# Specific 3D Printers, Scanners, & Hardware > Einscan-S 3D scanner >  SHINING 3D unveils new and updated EinScan 2.0

## This

http://www.3ders.org/articles/201612...d-scanner.html

The update to EinScan software version 2.0 will be available to all  EinScan Series 3D Scanner users as a free upgrade. Although EinScan  2.0’s official launch date is December 5th, SHINING 3D tell us in a  press release that the software will be available from December 1st as  an open invitation for internal testing.

----------


## scobo

Can't get the beta to install .......

----------


## scobo

Sent an email to support and to thier credit they replied the same day.
They sent me a couple of dll files which fixed the problem.
Haven't had a chance to test it fully yet but there are some nice improvements.
You now have the option create a mesh without filling in holes which is something I've been hoping for.

----------


## This

I really like to hear more of your experience with this new software  :Smile: 
I am a bit hesitant to try it.

----------


## scobo

You can try it without uninstalling the previous version. I have both 1.7.7 and 2.0 installed and can use either without any issues.
Final mesh quality seems to be better in 2.0.
Another improvement is the option to save or load a project in turntable (autoscan) mode as with freescan mode.
There's also an option to set the number of turntables steps (or rotations) from 8 to 180 if you need to capture more angles.

----------


## propologist

Were is this in the program? "There's also an option to set the number of turntables steps (or rotations) from 8 to 180 if you need to capture more angles." Is this only in the pro vers.? If it is in the S- vers. please let me know where.
Thanks

----------


## scobo

The new version is for both the Pro and the S. It's the S I'm using.
The steps option is in the main scanning screen right above the "Fast Mesh" button.
You can type the required number of steps in the box to the right of "Turntable steps (8-180)".

----------


## This

Here are some vids of the new 2.0 software

----------


## This

And a "review" of the Einscan-s running with the new software,
I would not call this a good review, he just got the scanner sent to him without him knowing how it works, and not taking the time beforehand to do some research about 3D scanning,
he is just pressing buttons, complaining about the software being non intuitive, and surprised at the bad quality it produces.

----------


## scobo

> And a "review" of the Einscan-s running with the new software,
> I would not call this a good review, he just got the scanner sent to him without him knowing how it works, and not taking the time beforehand to do some research about 3D scanning,
> he is just pressing buttons, complaining about the software being non intuitive, and surprised at the bad quality it produces.

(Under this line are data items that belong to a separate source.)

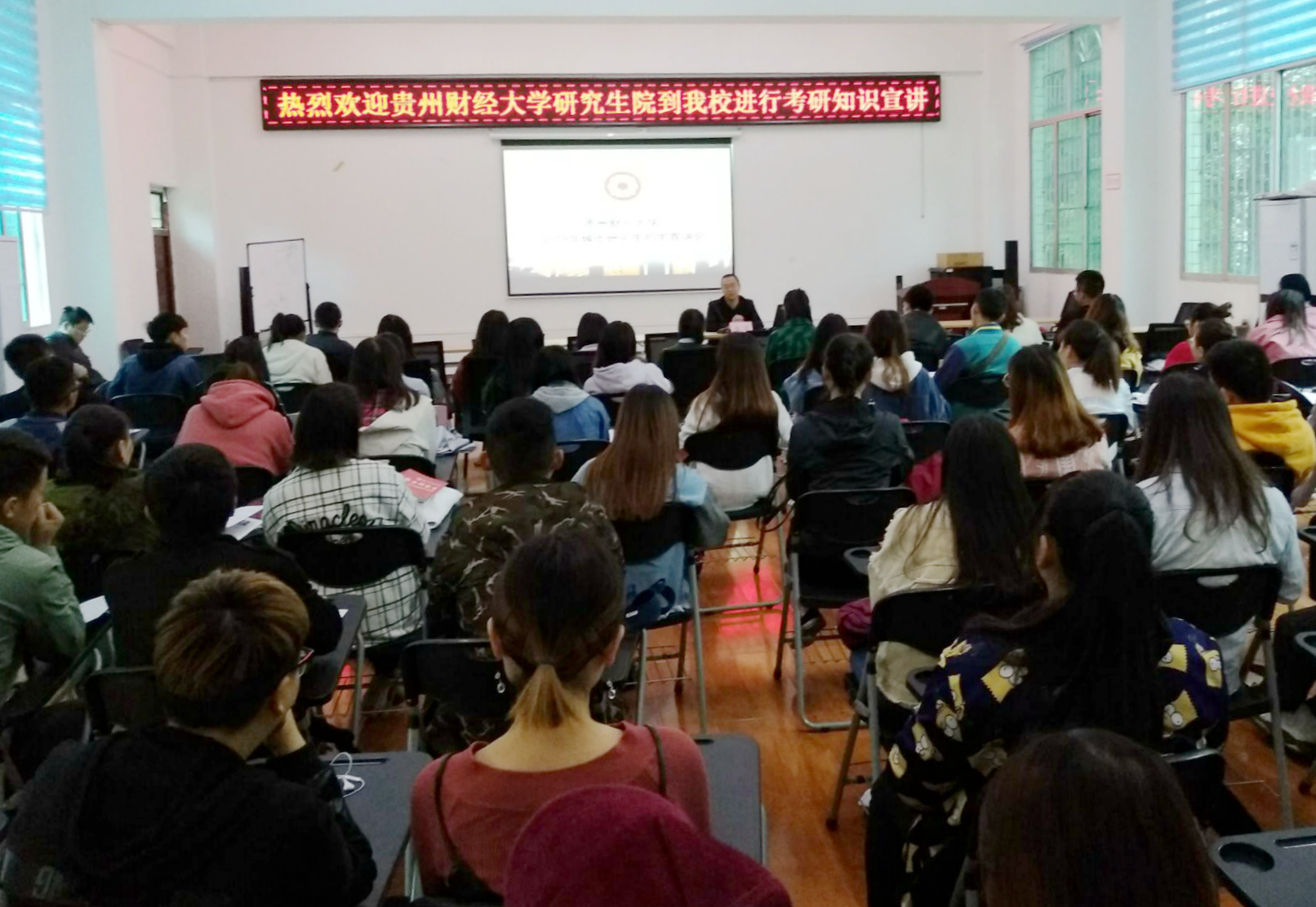 2018年10月10日上午,贵州财经大学研究生院院长张军一行受邀到我校开展研究生招生宣传活动,奇乐棋牌招就处全体同志及100余名有考研意向的学生参加了此次活动。
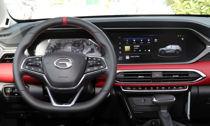 新款传祺GS4内饰变化幅度较大,其中新车在中控台上方配备了双12.3英寸的屏幕,视觉上具有大连屏效果,坐进车内的第一时间便会被屏幕所吸引。同时新款车型采用了传祺官方称之为“双X”的主题仪表台设计,中控区域配备高亮镀铬饰条,并在主副驾驶区域呈现出X造型,在搭配上隐藏式的机械空调出风口以及丰富的软性材质应用,进一步提升了内饰的整体质感。
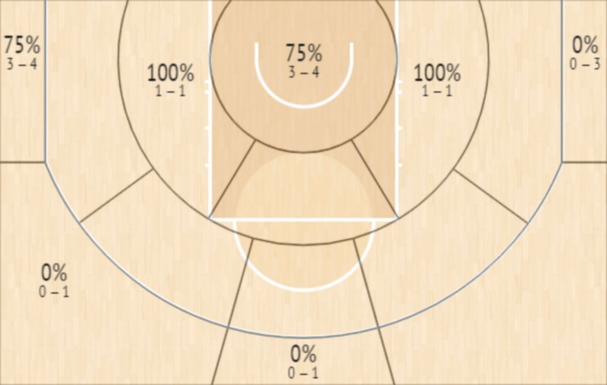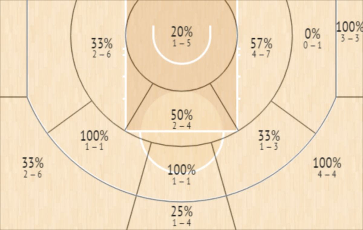 Το Shot Chart του Μικάλ Μπρίτζες στον αγώνα των Σανς με τους Μπακς InStat Scout
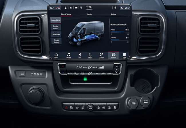 Je nach Präferenz lässt sich aus drei Fahrmodi wählen, um die Leistung und Reichweite des Movano Electric optimal zu nutzen: „Normal“ (auf 160 kW Leistung begrenzt), „Eco“ zur Reichweitenoptimierung (120 kW) und „Power“ für maximale Leistung (200 kW). Über Schaltwippen am Lenkrad können Fahrer zudem vier Rekuperationsstufen beim Bremsen einstellen.
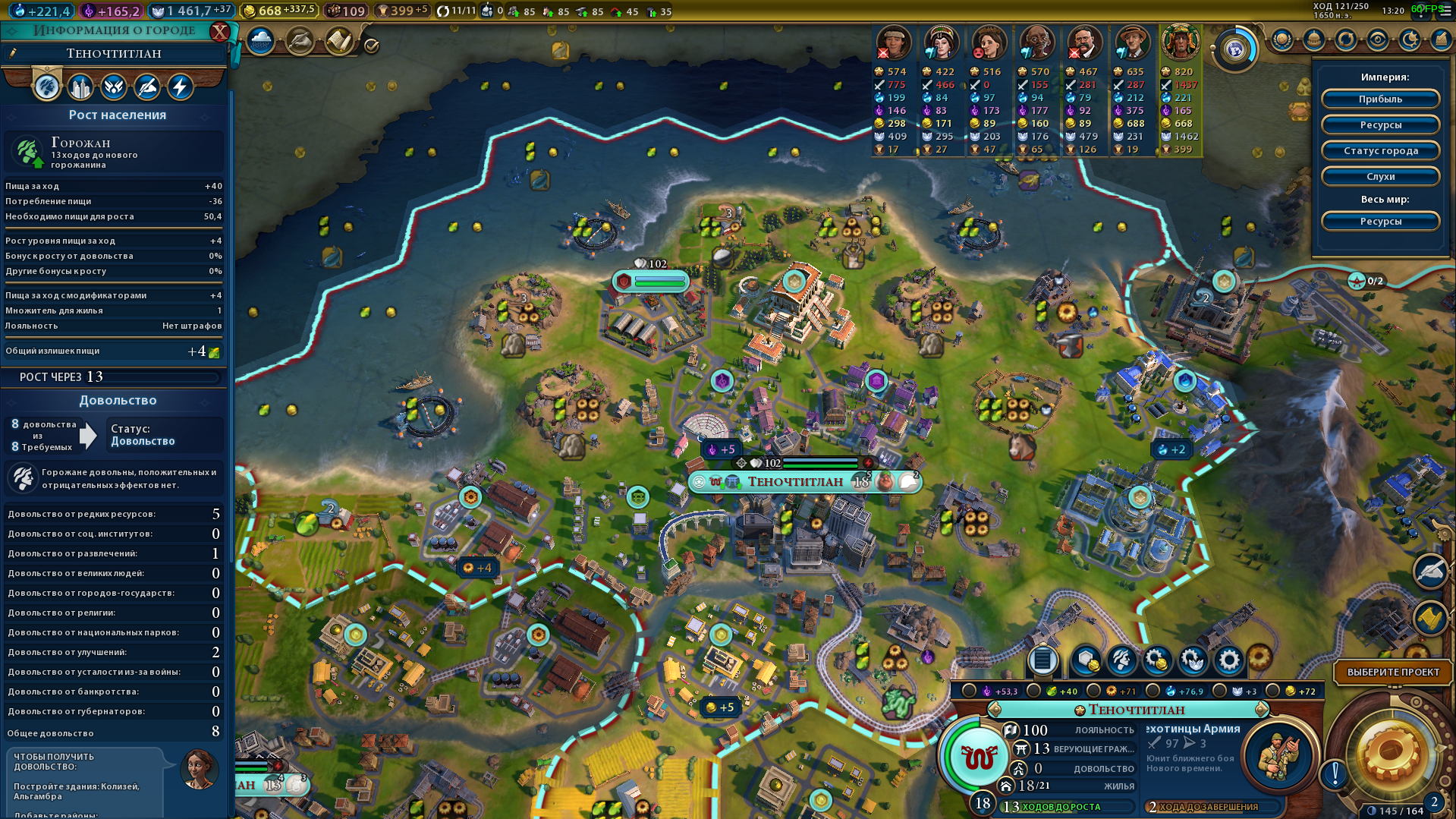 Наконец города разрастаются нормально, застройка выглядит бесшовно и красиво. По рекам можно плавать. Пока уже за это игра обходит шестерку. Только с лидерами какой-то кал намутили

I would agree although to be fair, he did say right at that start this is his first attempt at scanning and he didn't know what he was doing.

----------


## This

> I would agree although to be fair, he did say right at that start this is his first attempt at scanning and he didn't know what he was doing.


I just don't understand why he made this video, just to get clicks I guess,
He could have started without any knowledge, and made the second half of the vid about explaining what he did wrong and make some better scans !
Maybe he just wanted to show that just sending a free 3D scanner does not get you a good review, and to me it looks like he fumbled a bit on purpose.

----------


## sk4477

Is anybody actually able to download the new software? I've been trying for hours now and the download always aborts after a few megabytes and the resulting file can't be run.

----------


## scobo

It's a pretty big file, 344mb.
Could be that the server was busy when you tried. I had the same problem when I first tried but a couple of hours later it downloaded in a few minutes.

----------


## sk4477

I finally got the file..

.. only to run into next set of problems:

1) During install it tried to do something with C++ Runtimes and errored out twice. It is trying to access install files that are nowhere to be found.
2) Sometimes the scan "preview" (where it displays whats already scanned) remains empty, the scans are then "lost" somehow. (Auto scan using turntable, not textured)  If i load an old scan, it starts working again (sometimes)
3) During scanner calibration, the software crashes every once in a while
4) Documentation is pretty bad, bordering on incomprehensible

I love this scanner when its working, 
but IMHO their software is pretty bad :-(

----------


## scobo

Yeah, there seems to be a few bugs in V2.0. The previous version was more stable.
Regarding your empty scan preview, I sometimes see this when the scanner has picked up "noise" from the area behind the turntable. The preview hasn't disappeared though, it's just gone off to one side and zooming out reveals the preview again.
I fixed this by placing a black sheet behind the turntable to stop it picking up anything that shouldn't be in the scan.

----------


## sk4477

Oh, that's possible, cause when scanning works, it does include part of my wallpaper. I will try a black sheet of something. Thanks!

----------